The process hasn’t been without challenges. Even with Hazleton’s journeymen who spend 8,000 hours learning their trade before they’re truly considered a molder at HCC, none of them had ever seen a 3D-printed mold that needed to be pieced together. “We’ve printed pieces here that we thought wouldn’t be a big deal until we got them (to the foundry), and we had men scratching their heads,” he says. “We have a pump casing that we printed all of the components to, and there’s a core that has a feature on it that needs to be indexed properly. We keyed the index the way we would for a core made from a core box, but that meant we put the key in the wrong spot for the 3D-printed version. We got around it and salvaged the part, but that was a learning experience.”

The Flash Drive Warehouse

For all of the new capabilities that sand 3D printing brings to Hazleton’s foundry operations, the team still has to work with the designs that customers bring to them. While HCC is capable of providing feedback and design suggestions to its customers, Badamo’s team members are not design engineers themselves. That said, AM is pushing engineers who make cast components to consider design optimization, as well driving foundries to rethink solutions to castings previously created with conventional tooling.

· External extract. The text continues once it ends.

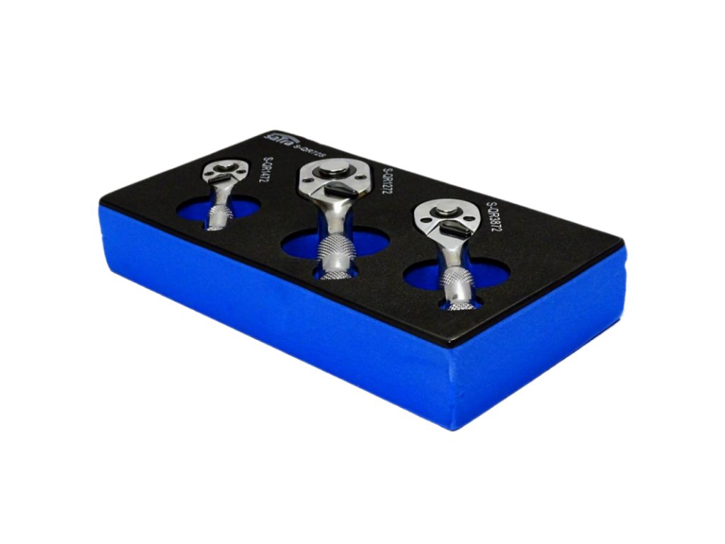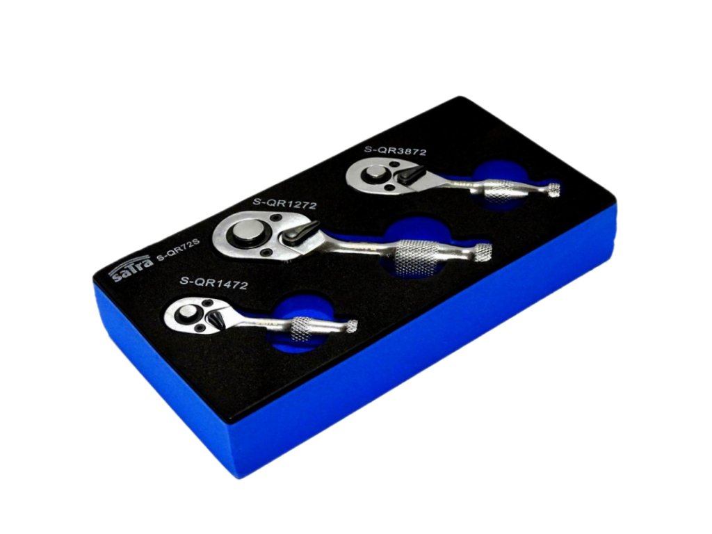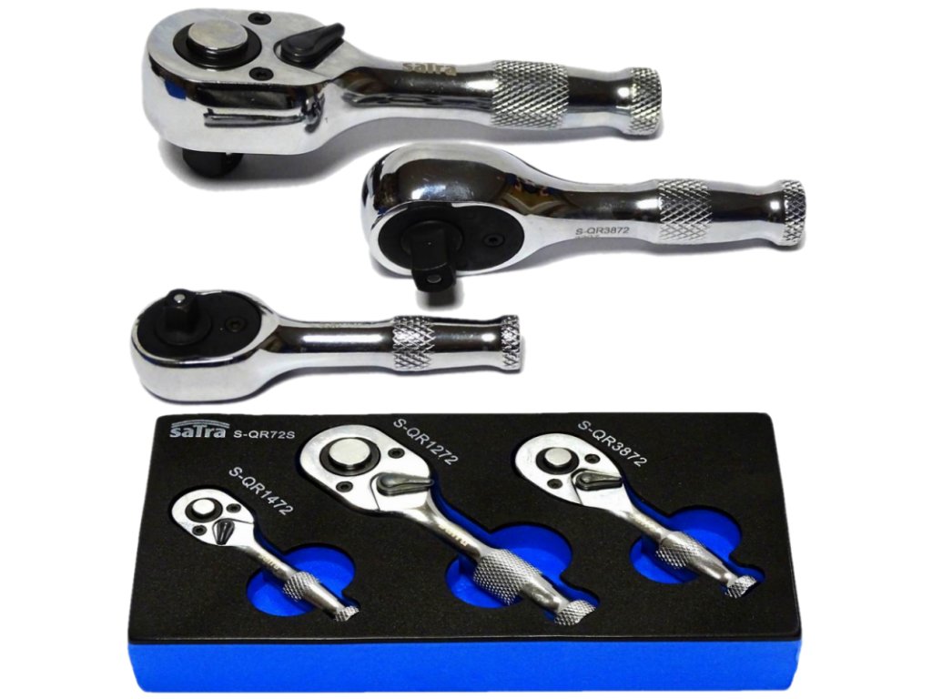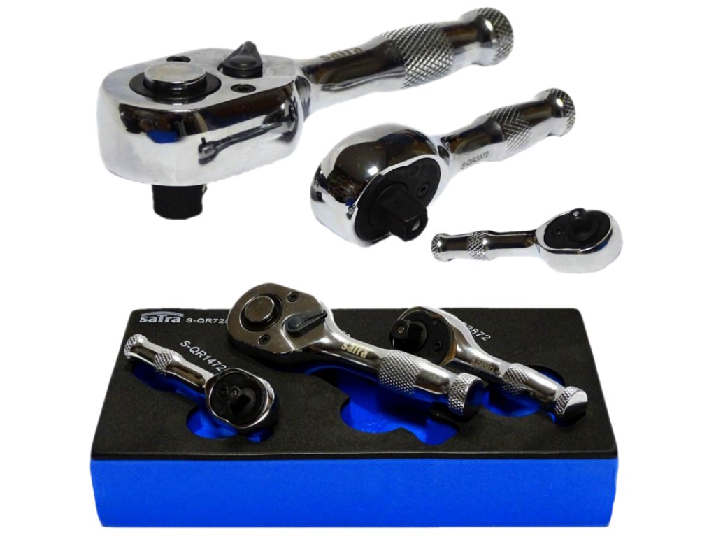 3-dílná sada ráčen s krátkou rukojetí a funkcí rychlého uvolnění přítlačné hlavy na ráčně.

When a pump company ordered a set of castings based on 25-year-old conventional tooling, Hazleton encountered problems that stemmed from complications of the core shape. The original pattern was made in three pieces with narrow gaps and joints that would traditionally be sealed in the open air. When the original product was manufactured, the tooling was new and the pieces fit together seamlessly. Now, years later, the wooden tooling had warped, creating gaps between the pieces that allowed for metal penetration during the casting. Not only that, but the penetration itself was surrounded by metal, leaving no practical access for machining the error away.

Then, another lightbulb went off: Print it all with one body and eliminate the flashpoints. Indeed, this capability of AM—consolidating assemblies—shows great promise across numerous industries, particularly aerospace and automotive, where various fasteners and assembly steps can become obsolete through AM. In the case of the pump casting, the advantage was avoiding potential casting errors resulting from poor fit in the tooling assembly. The idea worked. “We made three of them and shipped them out,” Badamo says. “Last we heard, they were in assembly and testing, and everything is going really well.”

Badamo says that in his day-to-day interactions with customers, the majority don’t yet grasp the efficiencies offered by AM. They know what it is, he says, and are familiar with the general processes involved, but don’t yet understand or appreciate its capabilities. Yet then there are some customers at the edge of the envelope—customers with legacy products that have made a determination that they simply don’t want to own pattern samples.

One pump manufacturer is one such example. While the company has a pattern inventory that goes back to its founding more than 100 years ago, it concluded that housing those patterns no longer makes sense. The manufacturer is in the process of modeling every product, Badamo says, and looking at 3D direct-to-print molds (in combination with disposable patterns also made with 3D printing) as a means of phasing out the storage inventory entirely. The goal? To have a century’s worth of pattern inventory stored on a flash drive. If that isn’t progress, it’s hard to say what is.